Efficient fixation of Co2+ and organic sulfur from cation exchange resins into CaO enhanced molten Li2CO3-Na2CO3-K2CO3 system

Abstract

The radioactive spent resins produced by the nuclear power plant contain a certain amount of 60Co. These spent resins are easy to generate volatile substances during the heat treatment process, resulting in the leakage of radionuclide. The molten salt oxidation (MSO) can effectively prevent the volatilization of Co, and can facilitate the removal of sulfur exists in the resins. In this work, ternary carbonate (Li2CO3-Na2CO3-K2CO3) was used as molten salt system, and CaO was used as a sulfur pollutant capture agent. The non-radioactive CoCl2 served as simulate radioisotopes, and the Co2+ doped cation exchange resins (Co-CERs) were obtained by the ion exchange method.

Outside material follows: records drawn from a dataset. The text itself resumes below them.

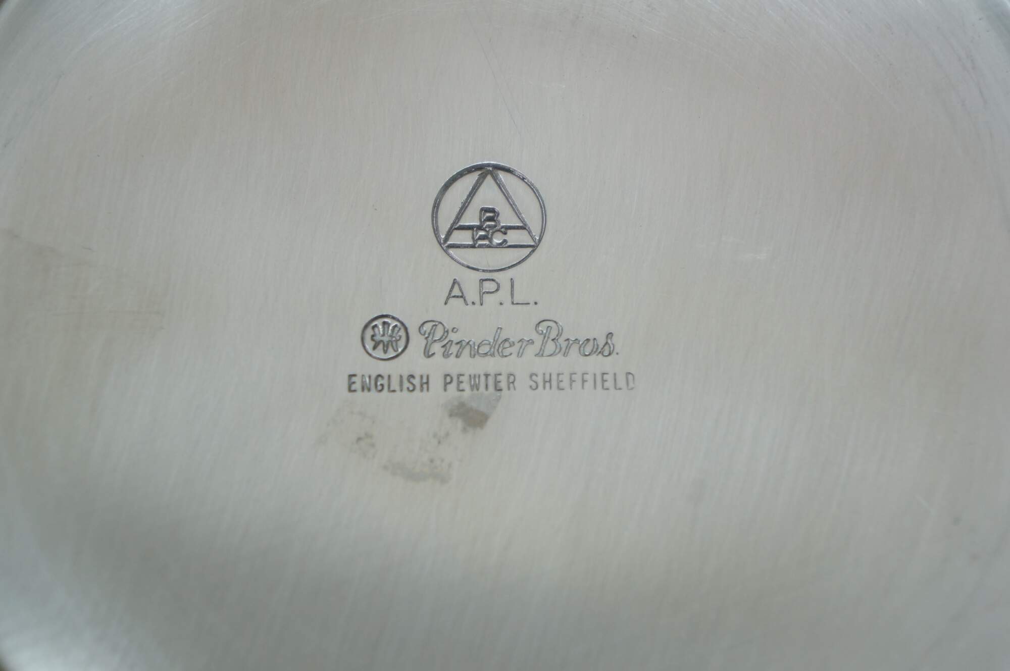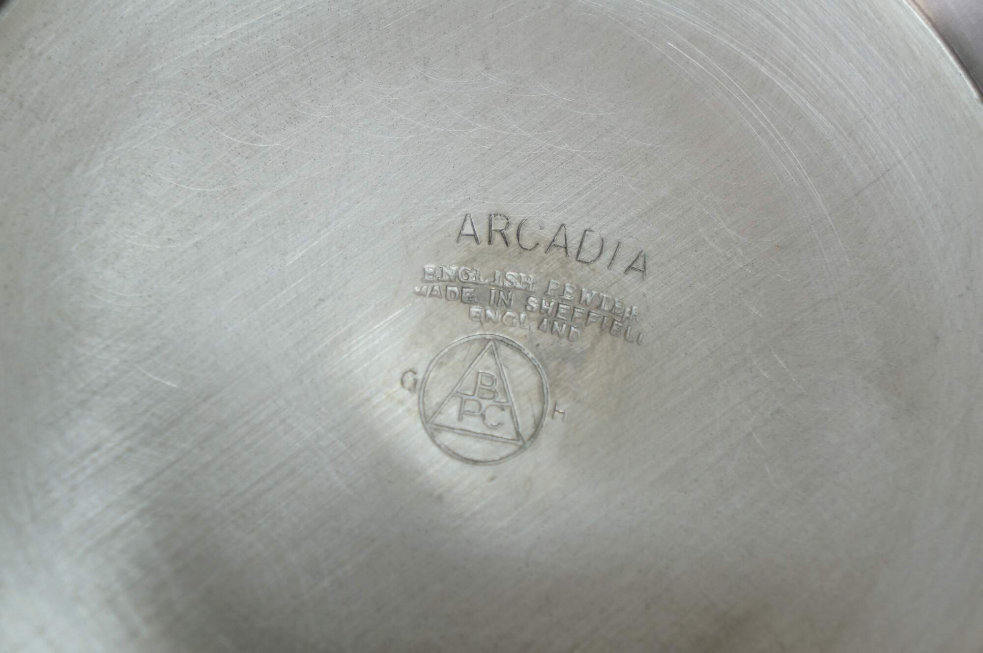 "Pinder Brothers Pewter, Sheffield, England. Produced pewter wares since 1963. / Arcadia Pewter. Trademark first used by George Lee & Company, Sheffield, England from 1929 to 1967. Taken over by Julius Isaacs & Company in 1967 who continued to use this mark. / Association of British Pewter Craftsmen, founded in 1970. Supported by the Worshipful Company of Pewterers who used the seahorse mark from 1980." (Pewter Society)
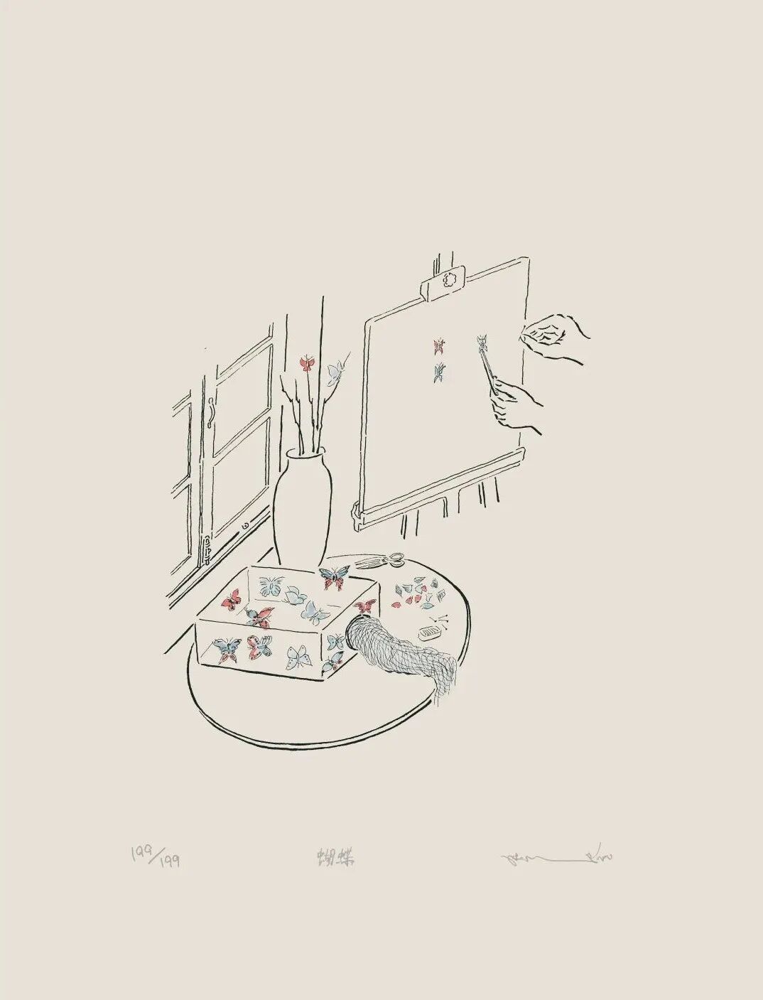 这画的线条整洁,仔细来看,它的现实意义是更明确的——现实生活往往就是把美好的事情破坏掉,把蝴蝶美丽自然的双翅剪去,把它制成某种规范,某种种标本,象征意义十分丰富。
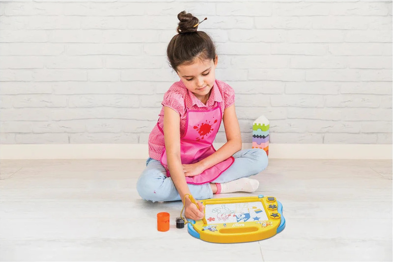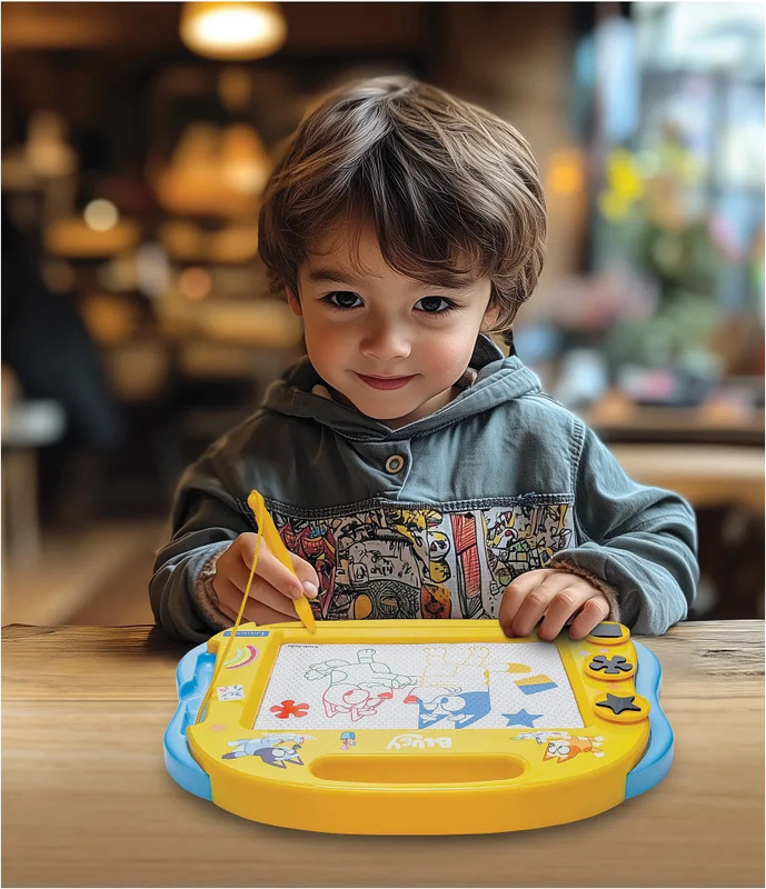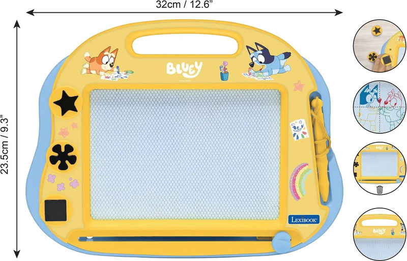 Upozornenie: Nevhodné pre deti do 3 rokov Táto skvelá magnetická kresliaca tabuľa povzbudí vaše deti, aby popustili svojej kreativite a predstavivosti! Skvelý modrý dizajn! Viacfarebná kresba pre hodiny zábavného kreslenia. Kreslite alebo píšte s priloženým perom a pečiatkami a jednoducho použite gumu na začatie odznova!
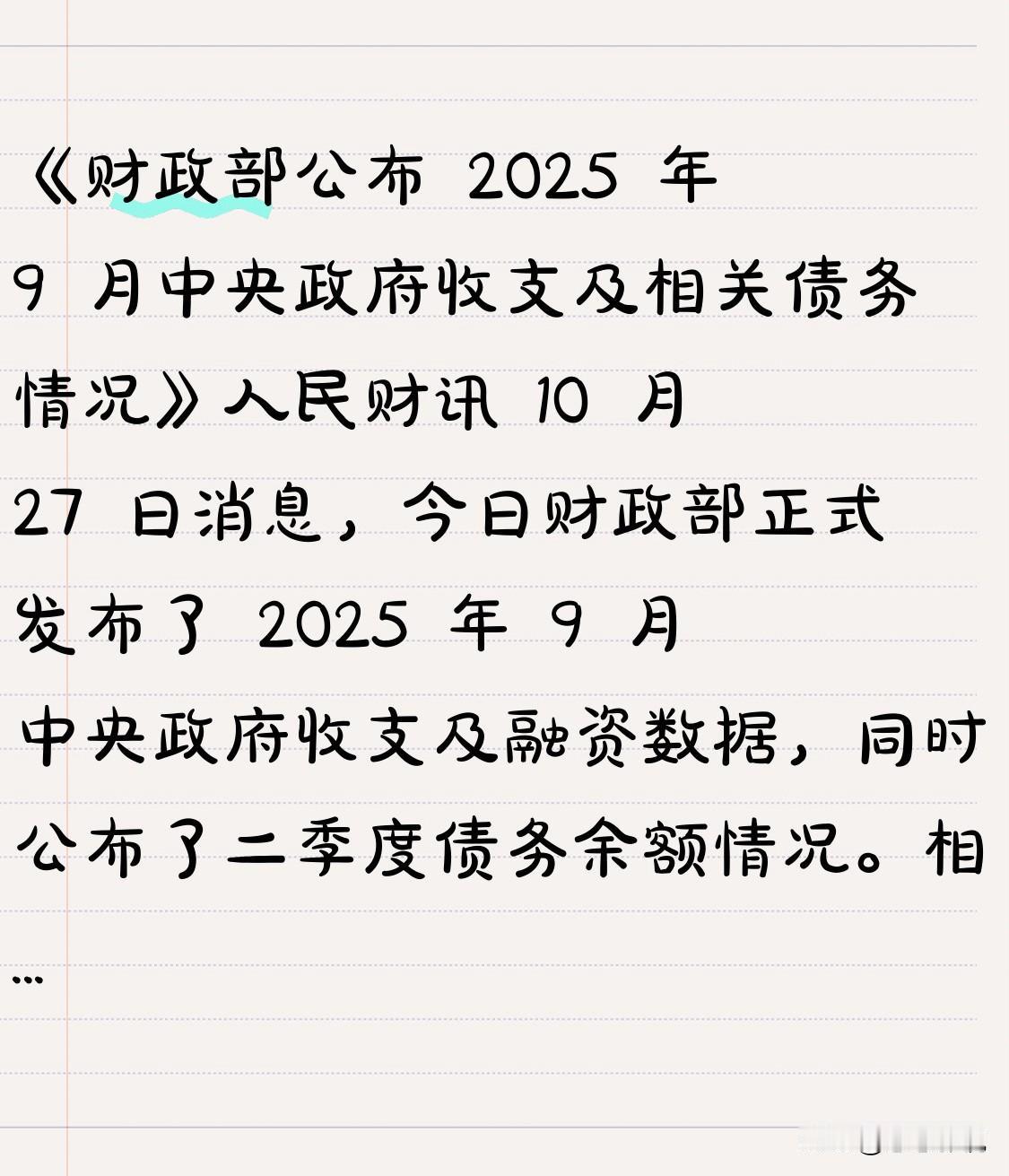 财政部公布2025年9月中央政府收支及相关债务情况债务占gdp比 人

The introduction of Co2+ promoted the further oxidation of the thermally stable structure SC, and the harmful gases SO2 and H2S generated during the MSO process were effectively absorbed by carbonate with the participation of CaO. The retention rate of S could reach 87.79 % with the addition of CaO at 800 °C, which was 1.81 % higher than that without CaO. The test results of X-ray diffraction (XRD), scanning electron microscope (SEM) and inductively coupled plasma mass spectrometry (ICP-MS) confirmed that the addition of CaO promoted the formation of sulfide and thermally stable CoSO4. The retention rate of Co2+ in waste salt reached 97.36 % at 800 °C. The CaO enhanced molten carbonate system can realize the efficient treatment of Co-CERs and possess potential applications on organic contaminant treatment.